**What this task involves**
Would you return the data exactly as given, except for its pictures?

[[ Data segment, beginning ]]

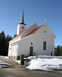 Treungen Church (Norwegian: Treungen kyrkje) is a parish church of the Church of Norway in Nissedal Municipality in Vestfold og Telemark county, Norway. It is located in the village of Treungen. It is one of the churches for the Nissedal parish which is part of the Øvre Telemark prosti (deanery) in the Diocese of Agder og Telemark. The white, wooden church was built in a long church design in 1863 using plans drawn up by the architect Peter Høier Holtermann. The church seats about 250 people.[1][2][3]
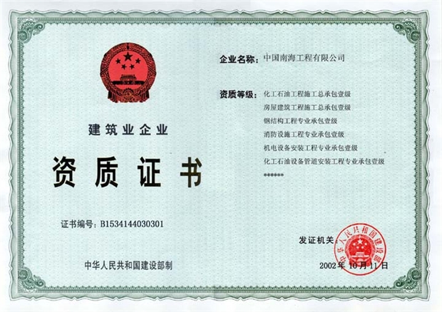消防设施工程专业承包壹级
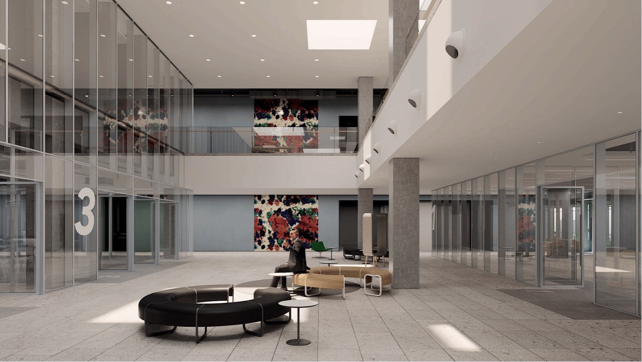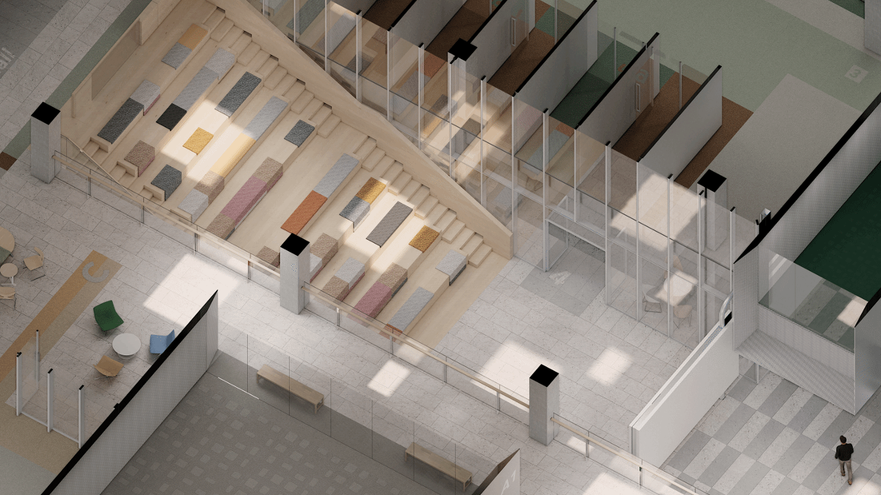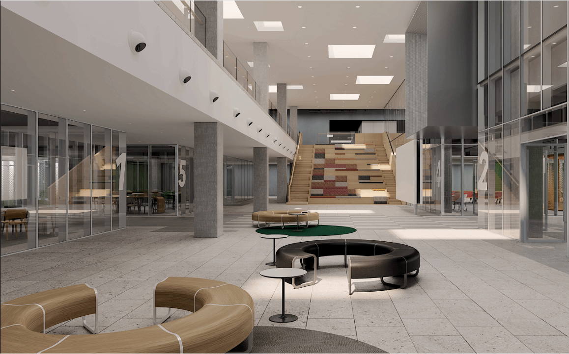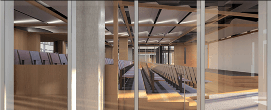 两层裙楼中设有公共中庭、大阶梯等装置

[[ Data segment, end ]]

**Exercise solution**
 Treungen Church (Norwegian: Treungen kyrkje) is a parish church of the Church of Norway in Nissedal Municipality in Vestfold og Telemark county, Norway. It is located in the village of Treungen. It is one of the churches for the Nissedal parish which is part of the Øvre Telemark prosti (deanery) in the Diocese of Agder og Telemark. The white, wooden church was built in a long church design in 1863 using plans drawn up by the architect Peter Høier Holtermann. The church seats about 250 people.[1][2][3]
消防设施工程专业承包壹级
 两层裙楼中设有公共中庭、大阶梯等装置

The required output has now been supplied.